On the fifth day of Christmas, my true love gave to me, five golden rings.
I could handle the rings, but the birds were a different story.
I had already opened box after box of turtle doves, French hens, and partridges, flying around the living room and making a mess of everything. My traditional offering was much simpler, twelve Amazon gift cards that increased by a dollar each day. I thought it was clever and practical. She had other ideas.
On the sixth day of Christmas, my true love gave to me, six pugs.
“This needs to stop,” I said. “You’re not even following the song right.”
“You’d rather have six geese a laying?” she asked, with a raised brow.
“No, but that’s not the point,” I said, trying to be heard over the loud barking. “No more animals, period!”
She opened her six-dollar Amazon gift card and left the room, with the pugs following. Our house had been turned into an animal sanctuary straight from Dr. Doolittle. I dreaded what awaited me for the remaining days.
On the seventh day of Christmas, my true love wasn’t there.
All the animals were gone too. She had packed a bag and taken the animals with her. I called her cell phone, but it went straight to voicemail. I pleaded with her to return.

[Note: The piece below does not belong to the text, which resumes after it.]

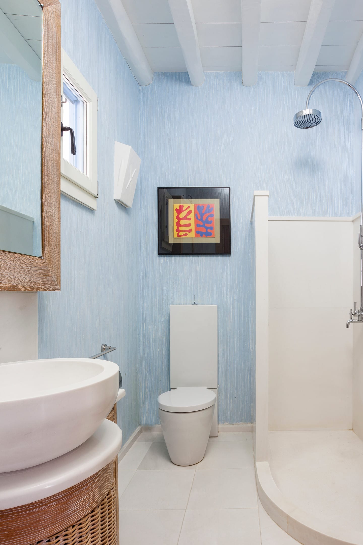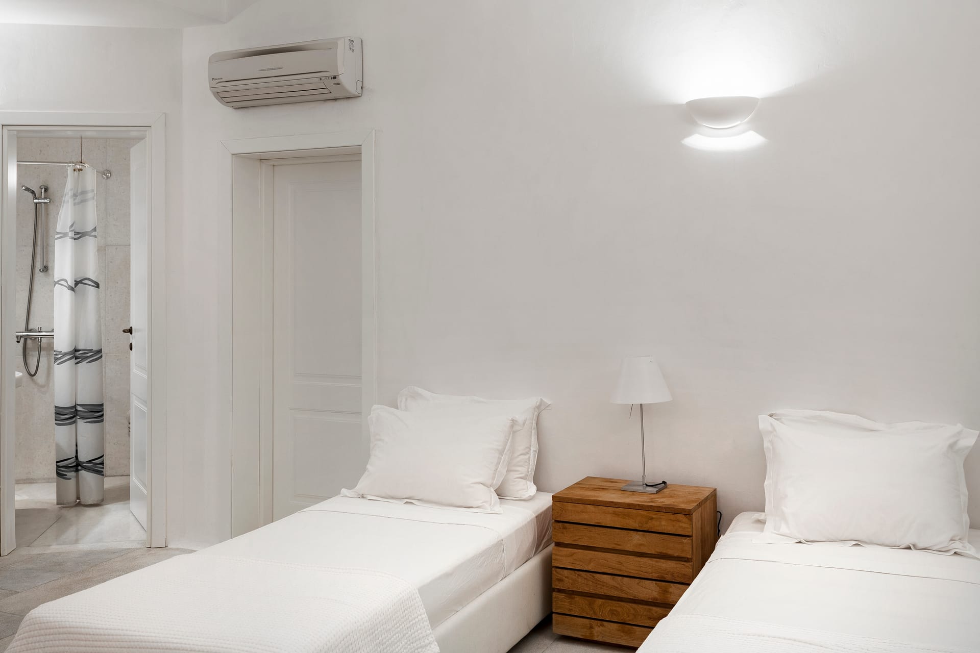 A third large professional fully equipped kitchen allows for plenty of room to prepare parties or events in support of the two kitchens on the floor above. There are two staff rooms each one with en-suite bathroom. An elevator runs throughout the three levels. Villa Olympia boasts an outdoor Jacuzzi for 10-14 people, 2 large BBQs, a wood oven, an outdoor dining table, a fully equipped Gym & Beauty Parlor, a Thalassotherapy spa, a Turkish hammam and two levels of lounging areas in front of the 261m2 infinity pool that flows off into the Aegean horizon. The brilliant white interiors and exteriors and the subtle tasteful decorations reflect the Mykonian-elegance the island is known for, so you can totally immerse yourself in the spirit of the island. The refurbished luxury estate has daily, complimentary maid service-so you don’t lift a finger, 24/7 CCTV monitoring at the periphery of the estate- so unauthorized people are detectable, Netflix- to quench your thirst for relaxed adventure, flat-screen TVs- so everyone can watch, back-up generators- to face the frequent local electric shortages, a desalination plant- so you can ignore the frequent local water shortages, and a 24/7 gate-access control. The pool can be heated for a fee.

“We still have five days to celebrate this joyous holiday together. I was just overwhelmed. I had no idea you would take the song so literally.”
The doorbell suddenly rang. I answered the door and found a pack of drummer boys dressed like something out of a Charles Dickens story. Their bus sped off in a fury, leaving a trail of exhaust behind. I shook my head and stared at the faces of the confused lot. “It’s not a good time, I’m sorry.”
“But, sir,” the freckled-faced British boy in the front said, “This is our home now.”
Irritated, I stepped forward. “If I’m not mistaken, you’re a bit early. The drummers drumming come on the twelfth day. We can discuss this then.”
I closed the door, regrettably, and paced the hall, trying to collect my thoughts. The pressure of a perfect holiday was too much. Bird crap littered the floor amid scattered feathers. Our pear tree had been torn to shreds by the pugs. Everything was on the verge of disaster when my phone rang. It was her.
“I’m taking a drive,” she said. “I need to clear my head.”
“That’s fine. When will you be home?”
“I’m not sure. I’ve got all the animals here. They feel slighted by you.”
I held my tongue. “That’s ridiculous. I’m quite taken with them.”
“You mean that?”
“Is that drumming I hear outside?”
I moved to the window and saw the drummer boys in our driveway, belting out some tunes. “It’s just the TV,” I assured her. She said that she’d be home later and hung up.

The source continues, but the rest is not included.